Banner image is by Ludie Cochrane..

Susan Kieffer can be contacted at s1kieffer at gmail.com

Monday, January 27, 2014

Avalanches block highway, isolate Valdez, Alaska

The avalanche on Richardson Highway near Valdez
Alaska Department of Public Transportation and
Public Facilities
Reuters photo from here.
Update: The road appears to have been reopened on Feb. 6.

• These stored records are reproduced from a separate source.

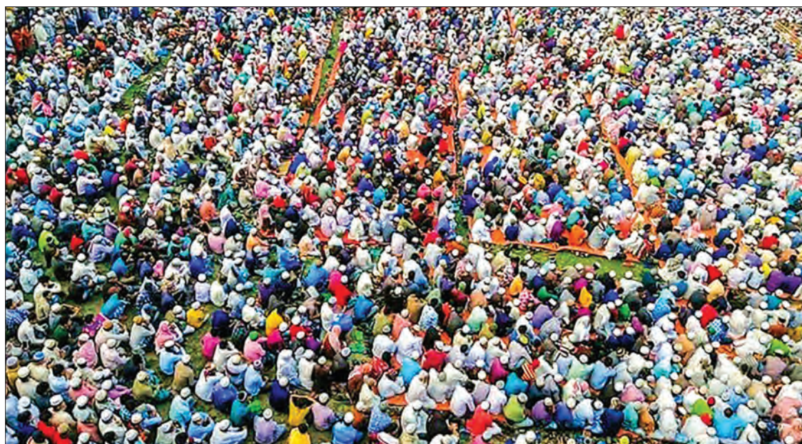
Police said some 10,000 Muslims gathered in an open field in Raipur town in southern Bangladesh to pray “healing verses” from the Koran to rid the country of the deadly novel coronavirus.

Photos of the gathering was widely shared on social media, with commenters slamming the massive rally. Authorities have already shut schools and asked locals to avoid large gatherings in an effort to halt the spread of the disease. —AFP ■
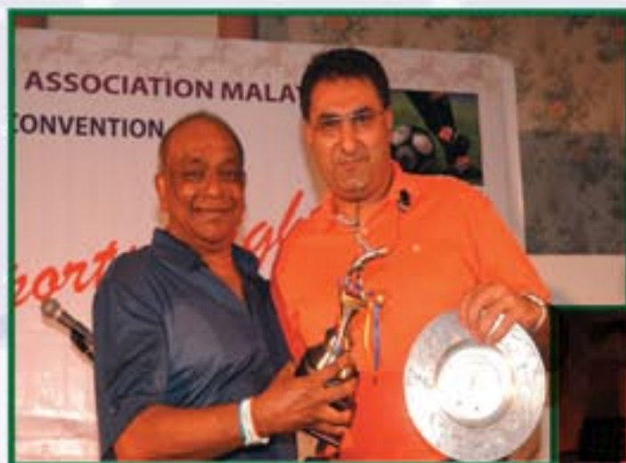
Next stop PGA
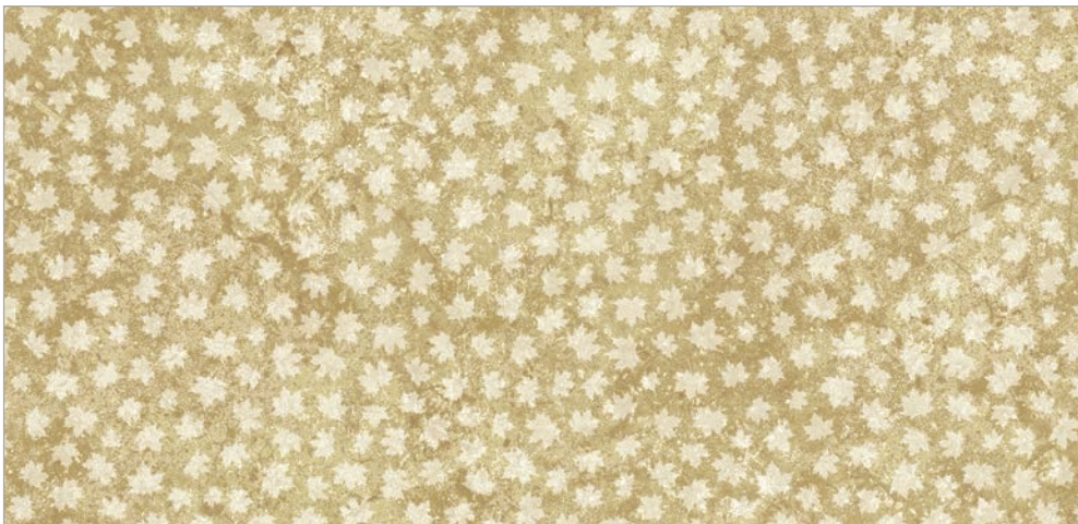
24272-14 | Maple Leaf Blender New | Beige
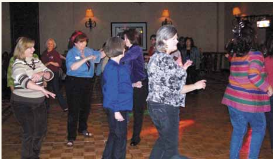
Conference attendees do enjoy their dancing.
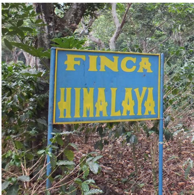
Finca Himalaya entrance - El Salvador
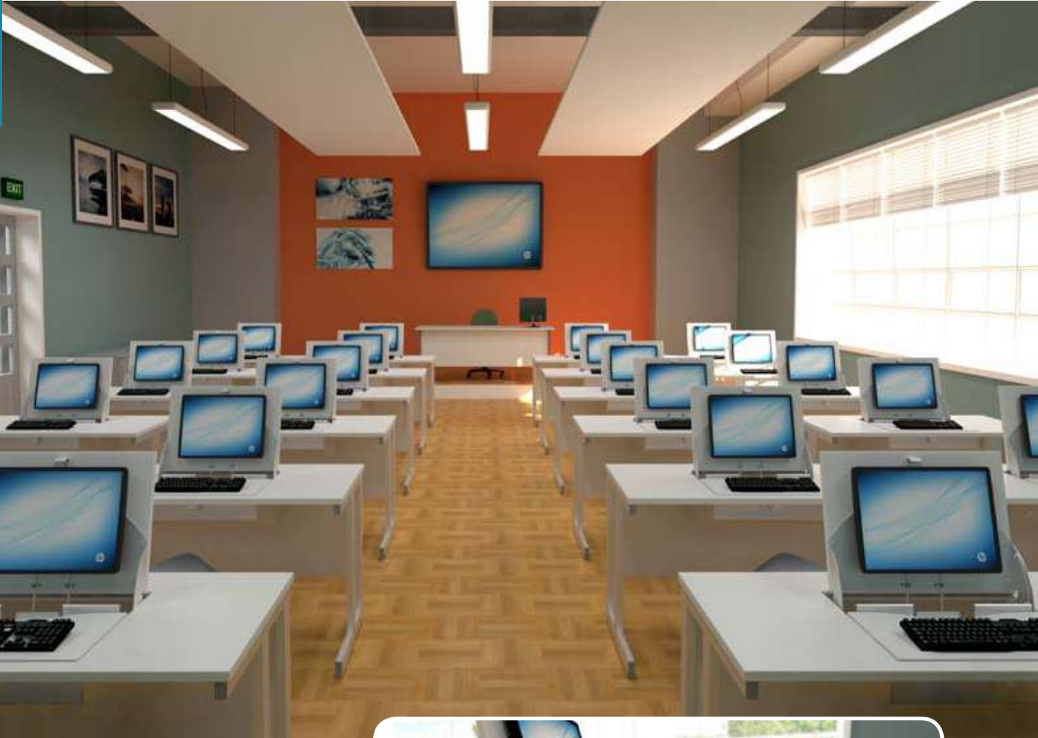
Above: Single SmartTops centered in white with silver frames.

The SmartTop desk mechanism quickly folds a monitor, keyboard and mouse into a secure compartment beneath the desk surface. Perfect for classrooms and training suites, the SmartTop desk delivers flexible facilities and secure storage in one innovative solution.
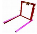
3 PT Carry All
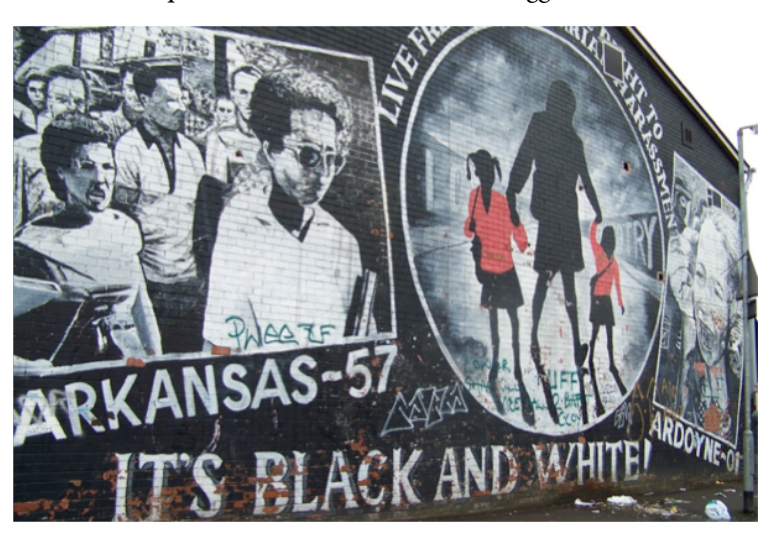
Figure 19: Civil Rights, Shankill, Belfast, 2008.

The representation of the armed struggle itself is the last
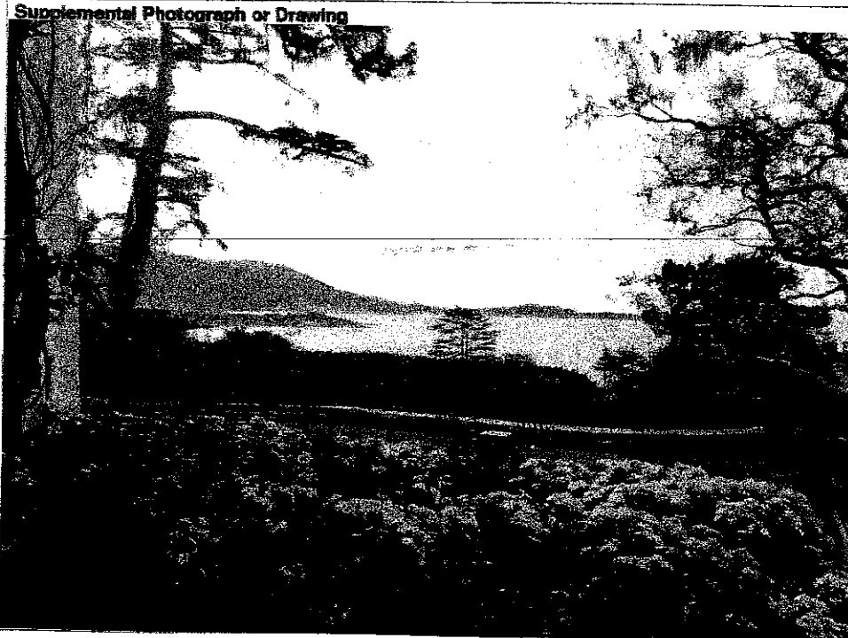
Supplemental Photograph or Drawing
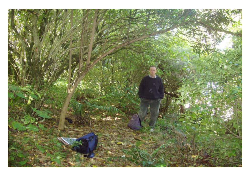
Photo 5: Mahoe-dominated broadleaved forest: Plot 4/1. Note open nature of vegetation.
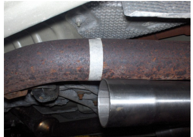
Fig. 5 Fig. 6

STEP 5: Hold up new H-pipe and align with rear of exhaust (See Fig. #5). Mark H-pipe end with tape (See Fig. #6).
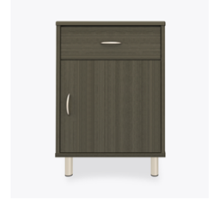
Other Bedside Styles

A top drawer lock is available and is optional.
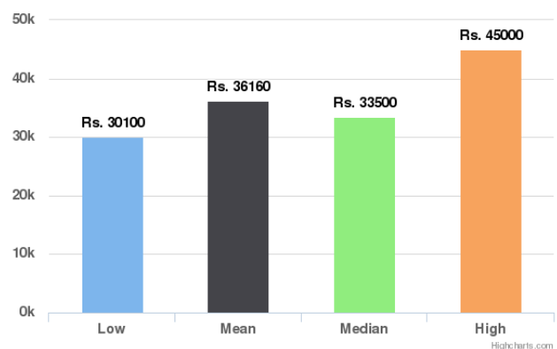
Similar Orders for Lifetime
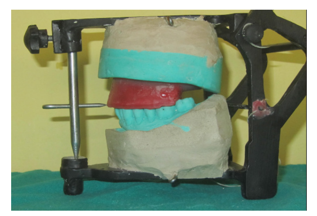
Figure 8: Mounting of casts in articulator
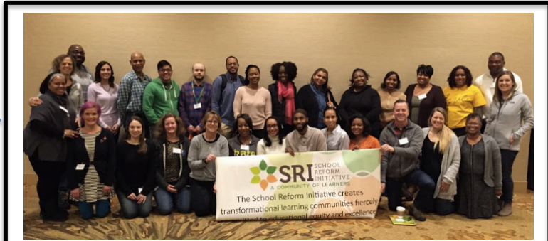
Experienced educators, Critical Friendship meeting
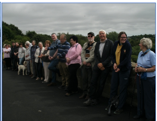
The group on the old Railway viaduct (also the site of a prayer station)

The Ythan viaduct used to carry the Dyce-Fraserburgh (Buchan) line of the former Great North of Scotland Railway over the River Ythan.
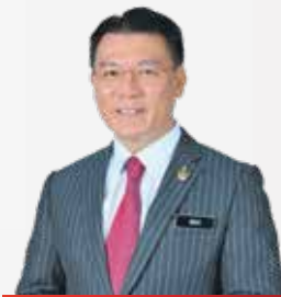
YB Tuan Nga Kor Ming Minister of Housing and Local Government, Malaysia and President of the UN-Habitat Assembly

A thought-provoking opening session delivered by a distinguished leader, focusing on global trends and challenges in the wake of geoeconomic uncertainties. What can ASEAN collectively do in solutioning the on-going housing trilemma? The keynote will emphasise bolder approaches to advance sustainable development, inclusivity, and the future of living environments in rapidly urbanising societies.
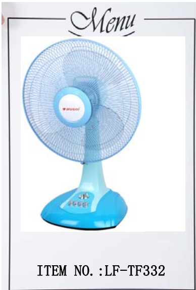
16inch Table fan

Motor size:66*66*14 Color:Any Voltage/Frequency:AC 110~240V/50~60Hz Blades material:3/4/5 Blades (PP/ABS) Switch:3 Speed Blade holder:Mesh plate RPM/Min:1200/1100/1000
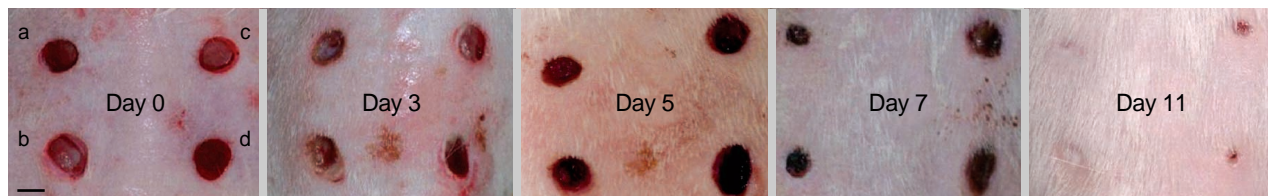
Fig. 1. The effects of ozonated olive oil on clinical wound closure. The photomicrographs demonstrate the enhanced wound closure, in the ozone group, on the left two wounds (a and b) on the back of the guinea pig, as compared to the oil group (c) as well as the control group (d). (Bar=5 mm).

As shown in Fig. 1, there was an enhanced wound closure in the ozone group of wounds, the left two of the four wounds, as compared to the oil group as well as the control group. On
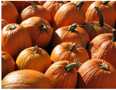
WAH MISSION – DEDICATED TO HEALTH
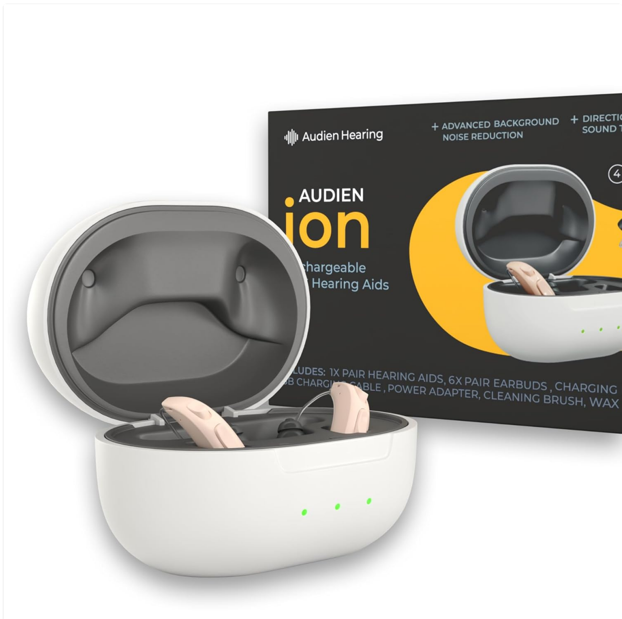
Image: Audien ION hearing aids in their charging case, alongside the product packaging. This illustrates the complete product set.
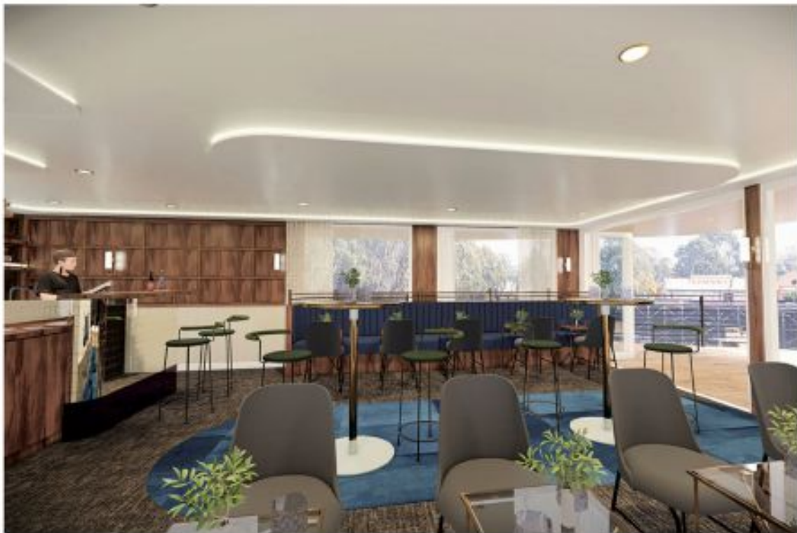
PS Australian Star's Hopwood Lounge and Bar

"As the PS Australian Star prepares to grace the waters, it beckons you to join a voyage where tradition meets modernity, and luxury becomes an art form."
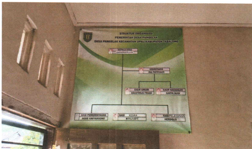
Figure 2: The government structure of Pangelak Village, Kec. Upau Kab. Tabalong
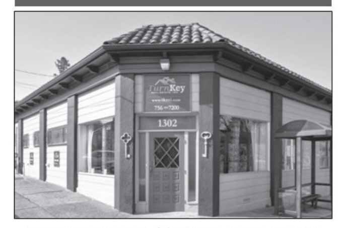
1302 N I Street Tacoma, WA 98403 www.tkrei.com

HEAR THE REAL ESTATE MARKET'S PAST, PRESENT, & COMING YEAR PROJECTIONS! 8. WHAT SELLERS NEED TO DO TO PREPARE THEIR HOME FOR SALE!
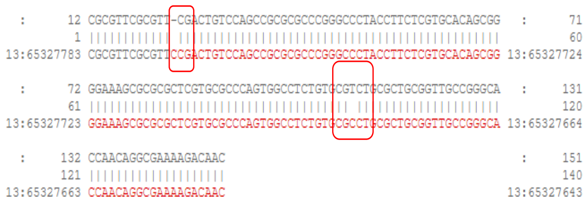
Fig. 3. SNPs identification through Sequence alignment of the bovine UQCC gene.
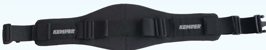
Heavy duty belt
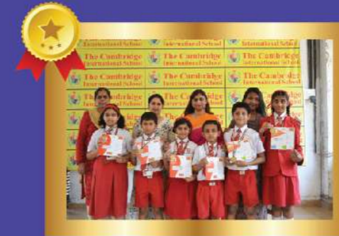
International English Olympiad Gold Medalist

Last Friday avalanches ranging up to hundreds of feet in length and 30-40 feet in depth blocked the Richardson Highway leading to Valdez, Alaska, a town of 4,000 people. This highway connects Valdez to the rest of the Alaska Highway system (however, supplies can be brought into the town by ship.) An even larger avalanche occurred on Saturday, and a 50 mile stretch of highway has been closed (it is impressive that it takes the helicopter nearly two and a half minutes to fly the length of the impounded lake and avalanches.) Here's a great video, courtesy of Josh Miller and Douglas Fulton of Vertical Solutions, of a helicopter flyover of the avalanches and impounded use/debris/water lake. There is some hope of digging the residents out by tomorrow (Tuesday), but the city officials are asking residents to plan to be there at least a week. There are multiple avalanches across the highway.
     One potentially serious problem is that one of the slides created a snow dam in Keystone Canyon that has impounded the Lowe River, and although some of the water is draining through an old railway tunnel, the potential for an ice-dammed lake breaking is real. The Alaska Department of Transportation says that it is too dangerous to work on clearing the slide until the lake drains because of fears that digging on the downstream side could trigger a surge of water. The National Weather Service issued a flood watch on Monday for residents downstream of the ice dam, saying that the ice dam could collapse with "little or no warning."
     According to the Alaska Avalanche Information Center more than 3" of rain on 24 hours, combined with abnormally high (above freezing) temperatures over the past 10 days caused conditions conducive to avalanching. Some reports suggest water up to 40' deep behind the ice dam.
    Much is being made of the fact that Valdez is much warmer than the mid-section of the US, currently experiencing another Arctic blast. Valdez has been in the 40's, and some parts of Alaska could even be in the lower 60's this week. Spring has, simply, started early in Alaska.